En los casos típicos, la colitis ulcerosa se presenta como un trastorno recidivante marcado por episodios de diarrea con moco y sangre, que puede persistir durante días, semanas o meses, y después cede, sólo para recidivar tras un intervalo asintomático de meses, años o incluso décadas. En el caso afortunado, el primer ataque es el último. En el otro extremo del espectro, el ataque inicial explosivo puede conducir a hemorragia y desequilibrio hidroelectrolítico tan intenso como para constituir una urgencia médica. En la mayoría de los pacientes, la diarrea sanguinolenta que contiene moco filamentoso, acompañada de dolor abdominal inferior y retortijones, que generalmente mejoren con la defecación, constituye la primera manifestación de la enfermedad. En un pequeño número de pacientes aparece estreñimiento paradójico, debido a la alteración del peristaltismo normal. Muchas veces, el primer ataque es precedido por un período de estrés en la vida del paciente. De modo espontáneo, o con más frecuencia después del tratamiento apropiado, esos síntomas ceden en el curso de días a semanas. Las reagudizaciones, cuando ocurren, pueden ser precipitadas por estrés emocional o físico, y rara vez por crecimiento intraluminal concurrente de C. difficile formador de enterotoxina. La terminación súbita de la función intestinal con dilatación tóxica (megacolon tóxico) aparece rara vez durante los ataques agudos graves; la perforación es una complicación en potencia letal.

La evolución de los pacientes con CU depende de dos factores: gravedad de la enfermedad activa y su duración.

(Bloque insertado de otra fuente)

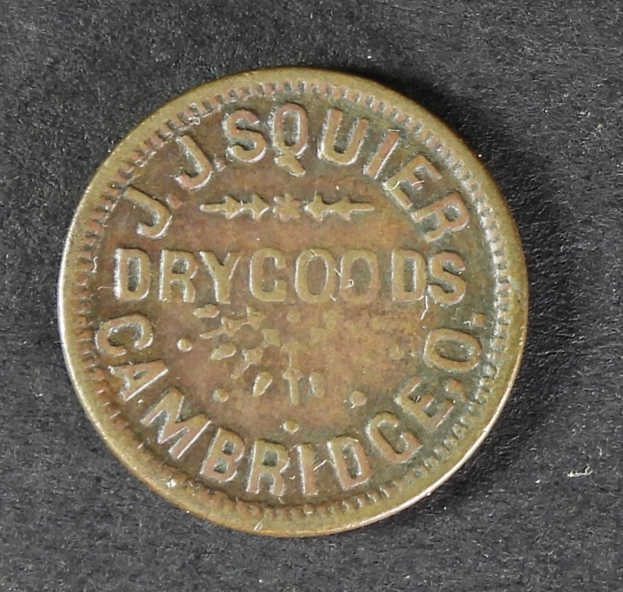 1863 J.J SQUIRE DRY GOODS ,CAMBRIDGE, O. CIVIL WAR TOKEN
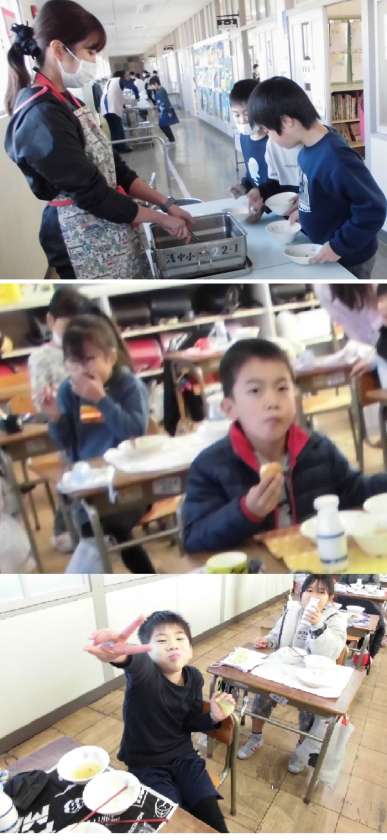 給食の時間です。おかわりをする子がたくさんいます。会話は、なかなかできないけれど、笑顔でいただいています。
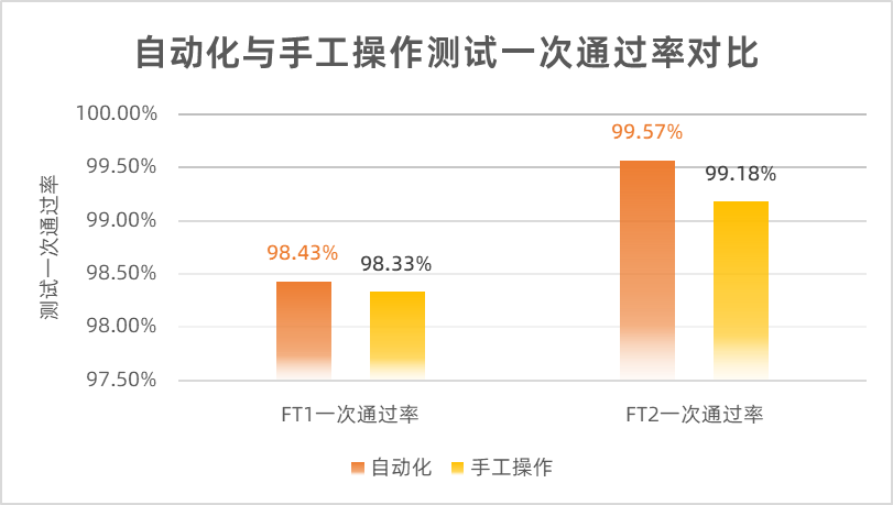 圖2. 自動化解決方案與手工操作一次通過率對比
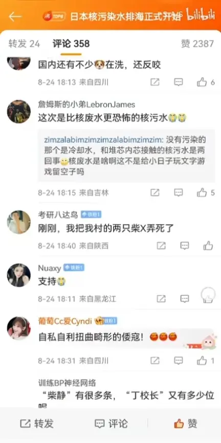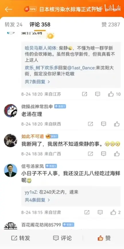 汤家凤对小日子核污水排海发微博表达看法的评论 (共
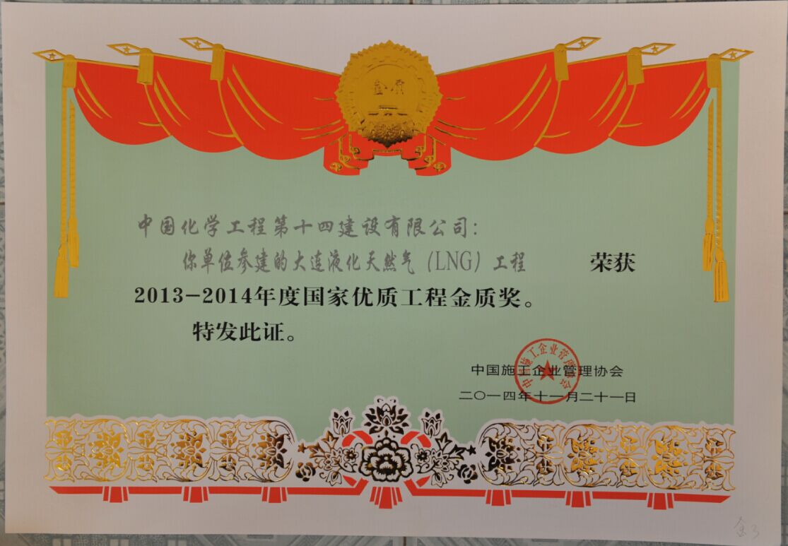 國家優(yōu)質(zhì)工程金質(zhì)獎(大連液化天然氣LNG工程)-中國化學(xué)工程第十四建設有限公司

Alrededor del 60% de los pacientes experimentan una enfermedad clínicamente leve. En esos individuos, la hemorragia y la diarrea no son tan intensas, y faltan los signos y síntomas sistémicos. Sin embargo, casi todos los pacientes (97%) experimentan por lo menos una recaída durante un período de 10 años, y alrededor del 30% de los pacientes requieren colectomía dentro de los 3 primeros años desde el comienzo debido a enfermedad incontrolable. En raras ocasiones, la enfermedad tiene un curso fulminante, a menos que se consiga controlar con intervención médica o quirúrgica, y esta forma tóxica de la enfermedad puede conducir a la muerte poco después de su comienzo.

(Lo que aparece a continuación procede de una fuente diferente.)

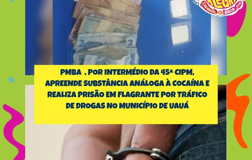 A Polícia Militar da Bahia (PMBA), por intermédio da 45ª Companhia Independente de Polícia Militar (CIPM/Curaçá), realizou, nesta segunda-feira (16), a apreensão de substância análoga à cocaína e a prisão em flagrante por tráfico de drogas no município de Uauá.Durante a intensificação do policiamento no Carnaval Paralelo de Uauá, os policiais avistaram um indivíduo fazendo uso de drogas (substância análoga à cocaína) no banheiro de um quiosque. Foi realizada a abordagem, sendo encontrados mais três papelotes da mesma substância e R$ 280,00 em espécie.Diante dos fatos, foi dada voz de prisão em flagrante. Todo o material apreendido, juntamente com o suspeito, foi conduzido à Delegacia de Polícia Civil para registro da ocorrência e adoção das medidas legais cabíveis.
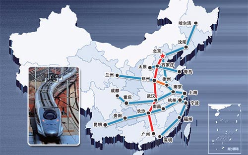 贯穿中国南北的京广高铁2298 公里成为全球高速铁路运营里程的最长纪录。美国媒体说,这距离远过纽约到迈阿密,大致相当于从伦敦穿过欧陆抵达塞尔维亚的首都;在美国坐火车走这段路需要30 小时,而京广高铁只用大约480 分钟
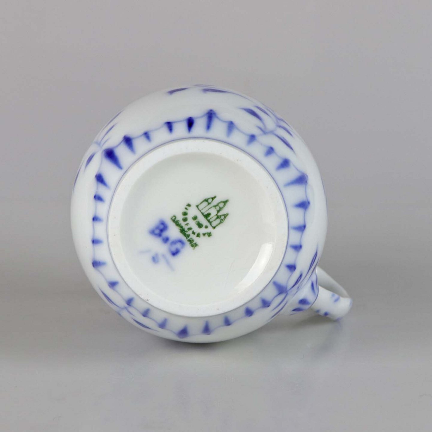 Mælkekande i hvidt skælformet porcelæn med blå motiver af blomster og sommerfugle.
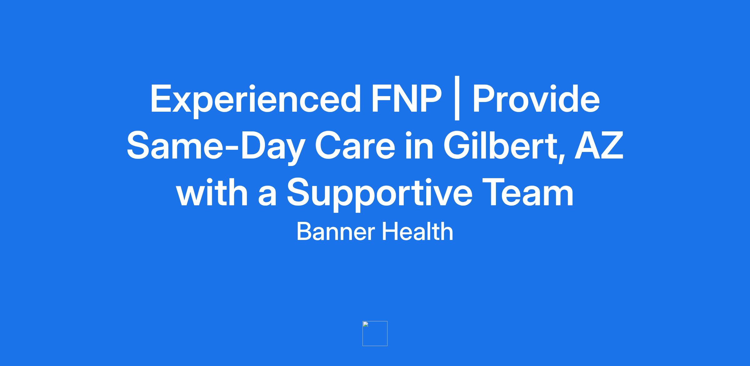 **Banner Health,** **a Top 5 Large Health System and one of the nations premier nonprofit health care networks, is seeking an experiencedFamily Nurse Practitionerto join ourprimary care team at our Banner Health Center in Gilbert, AZ.** This is a full-time outpatient position focused on providing same-day care and ongoing support to patients of all ages in a collaborative, team-oriented environment.
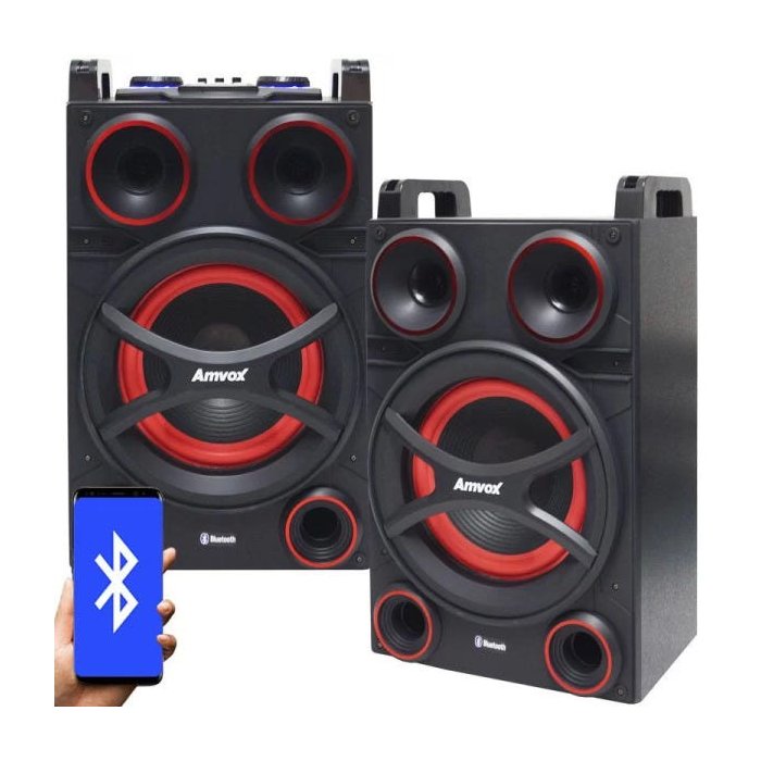 Caixa Som Amplificada Bluetooth 1000W Rms Ativa Passiva Mp3 Fm USB SD Aux LED Amvox Aca 1010 Twin

La complicación a largo plazo más temida de la CU es el cáncer. Existe tendencia a la aparición de displasia en múltiples lugares, y la enfermedad inflamatoria subyacente puede enmascarar los síntomas y los signos del carcinoma. La CU se caracteriza por daño del DNA con inestabilidad microsatélite en las células mucosas. Más recientemente se ha detectado inestabilidad genómica en áreas no displásicas de los pacientes con CU, lo que sugiere que esos pacientes tienen una deficiencia de la reparación del DNA e inestabilidad genómica a lo largo del tracto intestinal. Los carcinomas asociados son con frecuencia infiltrantes, sin masas exofíticas obvias, lo que también subraya la importancia del diagnóstico precoz. Desde el punto de vista histórico, el riesgo de cáncer es más alto en los pacientes con pancolitis durante 10 o más años, en quienes ese riesgo es 20 a 30 veces mayor que en la población control. Sin embargo, los programas de cribado recientes de los pacientes con CU indican ahora que la tasa de progresión a la displasia y al carcinoma es en realidad muy baja, siempre que no existiese displasia en el examen inicial. Puesto que el cribado masivo sería muy caro, continúa el debate sobre la relación coste-efectividad de las colonoscopias repetidas en pacientes con enfermedad inactiva a largo plazo; es posible que la mejoría modesta de la evolución de los pacientes guarde más relación con una mejor atención médica que con la identificación de displasia por sí misma.

Bibliografía

  1. Patología estructural y funcional Robbins y Cotran, 7ª edición, Elsevier Saunders.